The traditional nut combination for torrone is almonds and pistachios, although you can use any kind of nuts. Torrone can be kept for up to a week at room temperature in an airtight container. Additionally, you can store for up to two months; just thaw before serving.




The torrone batter shouldn’t be able to be poured into the pan. The texture should be clumpy and thick once the nuts have been combined. Continue cooking the mixture until it thickens if your torrone is too runny. Simply pour it back into the pot if it’s already in the pan and simmer over low heat.

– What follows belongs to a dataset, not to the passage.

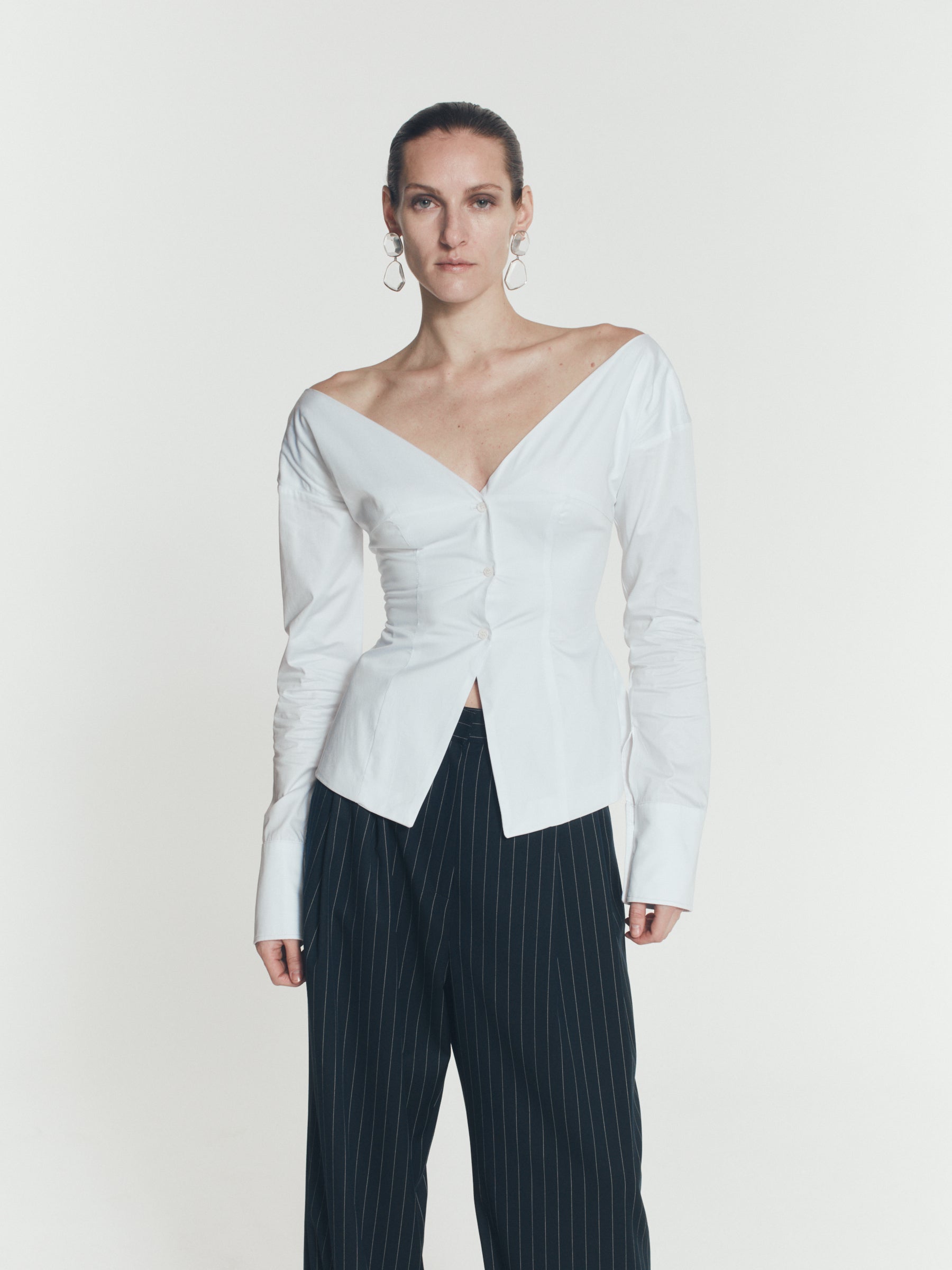 Pinstripe Boyfriend Pants, düșük bel (low rise), bol paça ve oversize kesimiyle klasik pinstripe pantolonu modern bir silüete taşır. Lacivert pinstripe dokusu ve önde yer alan çift pili detayı hacim kazandırır. Önden gizli kanca ve fermuar kapama ile tamamlanır. Oversize bir duruş için tasarlanmıştır. Düşük bel kullanmak için kendi bedeninizi tercih etmeniz önerilir.

You will need to stir the candy mixture for 40 to 45 minutes after adding the egg whites. When you pull up the batter in the pot, it will fall in ribbons, indicating that the mixture is thick enough. The most effective method to check for doneness is to put a little bit of the nougat batter onto a parchment paper sheet. It must maintain its shape and not scurry off. Pouring a little nougat into a glass of water is another method to see when it’s done. When you touch the mixture, it should feel like clay and retain its shape.


Candy torrone can be kept for up to two weeks at room temperature in an airtight container. The candy’s texture may be affected by moisture, thus it’s critical that the container be airtight. The candies can also be frozen for up to two months when kept in an airtight container. Simply defrost it before serving.